_What you will do_.
Every line below must be reproduced exactly; no pictures are to be included.

_Data extracted from a collection_.
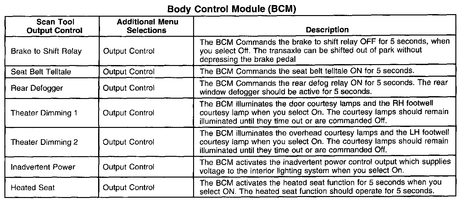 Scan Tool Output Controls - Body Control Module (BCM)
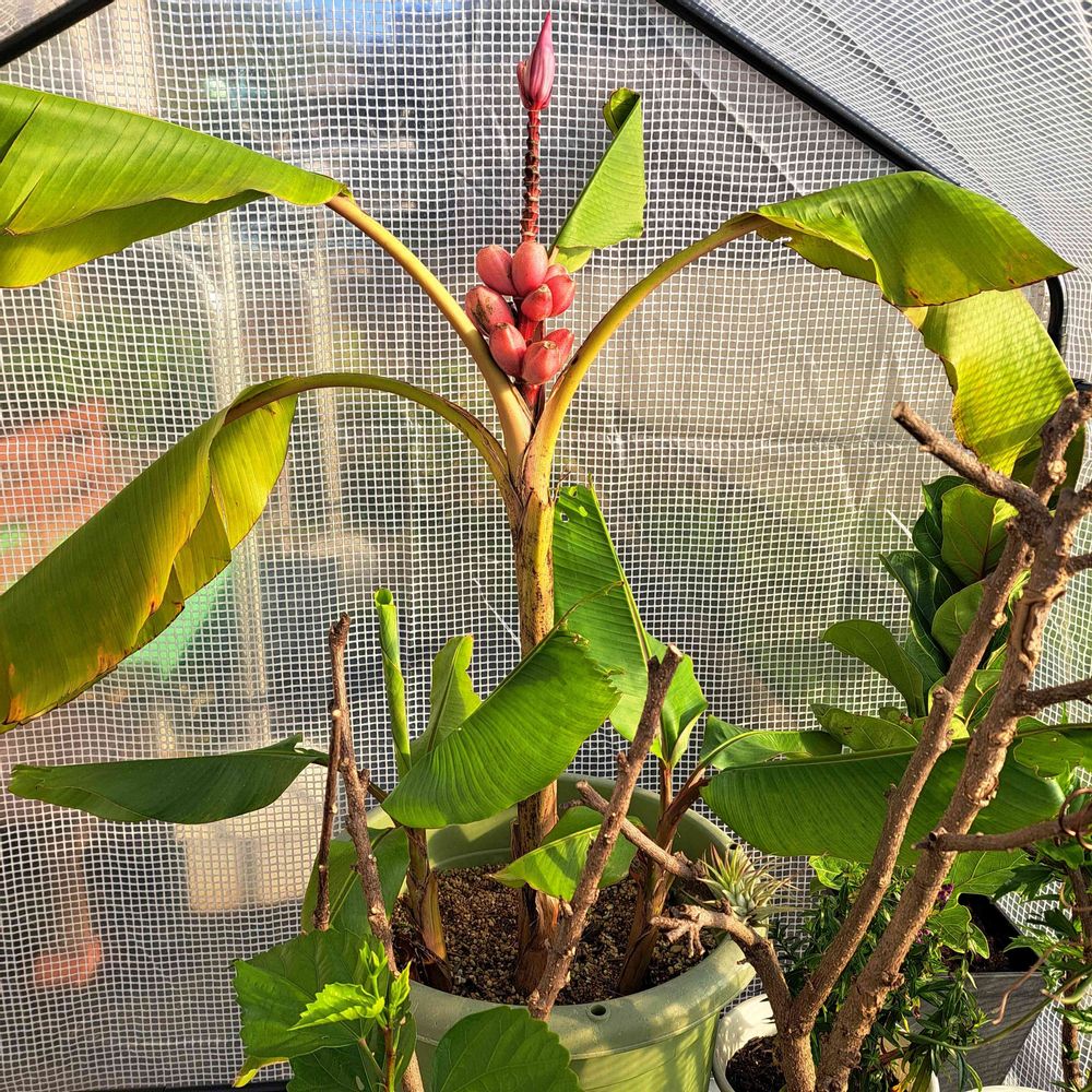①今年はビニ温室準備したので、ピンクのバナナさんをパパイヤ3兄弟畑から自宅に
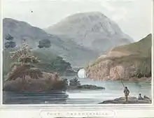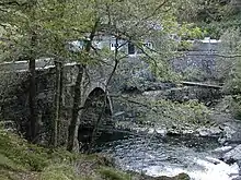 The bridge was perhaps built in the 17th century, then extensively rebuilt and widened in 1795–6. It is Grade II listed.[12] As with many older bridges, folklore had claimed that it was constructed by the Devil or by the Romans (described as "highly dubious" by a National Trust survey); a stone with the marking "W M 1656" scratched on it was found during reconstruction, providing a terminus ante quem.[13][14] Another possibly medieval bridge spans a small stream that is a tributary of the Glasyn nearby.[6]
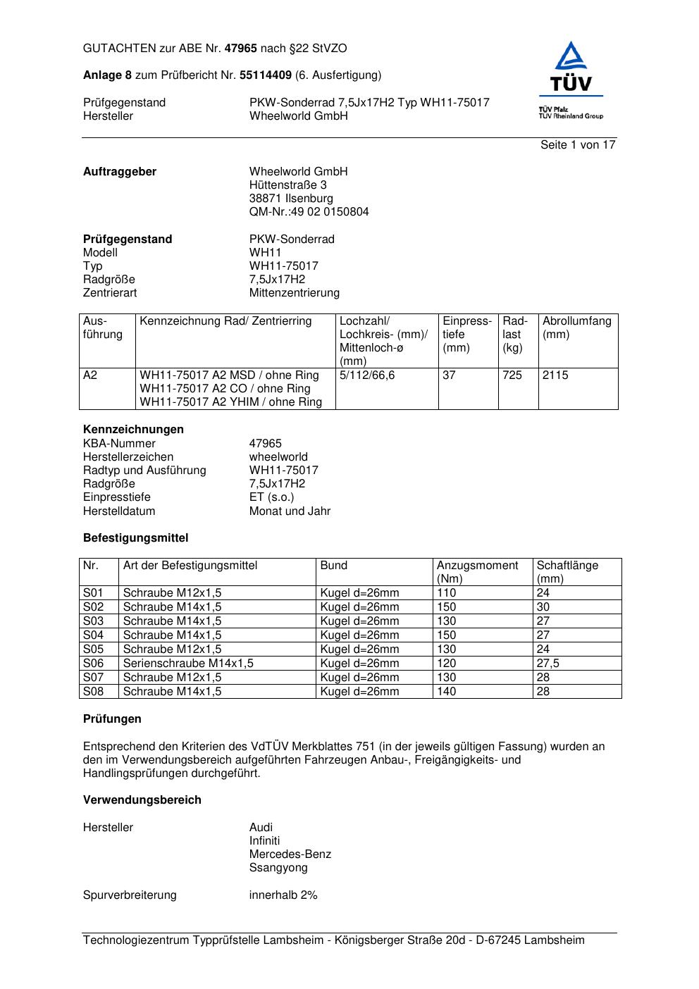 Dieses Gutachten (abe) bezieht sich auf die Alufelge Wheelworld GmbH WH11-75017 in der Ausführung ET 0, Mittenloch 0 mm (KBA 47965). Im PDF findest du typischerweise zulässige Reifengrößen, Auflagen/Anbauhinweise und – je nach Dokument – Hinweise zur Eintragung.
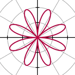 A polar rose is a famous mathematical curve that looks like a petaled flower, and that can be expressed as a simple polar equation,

_Output_.
 Scan Tool Output Controls - Body Control Module (BCM)
①今年はビニ温室準備したので、ピンクのバナナさんをパパイヤ3兄弟畑から自宅に
 The bridge was perhaps built in the 17th century, then extensively rebuilt and widened in 1795–6. It is Grade II listed.[12] As with many older bridges, folklore had claimed that it was constructed by the Devil or by the Romans (described as "highly dubious" by a National Trust survey); a stone with the marking "W M 1656" scratched on it was found during reconstruction, providing a terminus ante quem.[13][14] Another possibly medieval bridge spans a small stream that is a tributary of the Glasyn nearby.[6]
 Dieses Gutachten (abe) bezieht sich auf die Alufelge Wheelworld GmbH WH11-75017 in der Ausführung ET 0, Mittenloch 0 mm (KBA 47965). Im PDF findest du typischerweise zulässige Reifengrößen, Auflagen/Anbauhinweise und – je nach Dokument – Hinweise zur Eintragung.
 A polar rose is a famous mathematical curve that looks like a petaled flower, and that can be expressed as a simple polar equation,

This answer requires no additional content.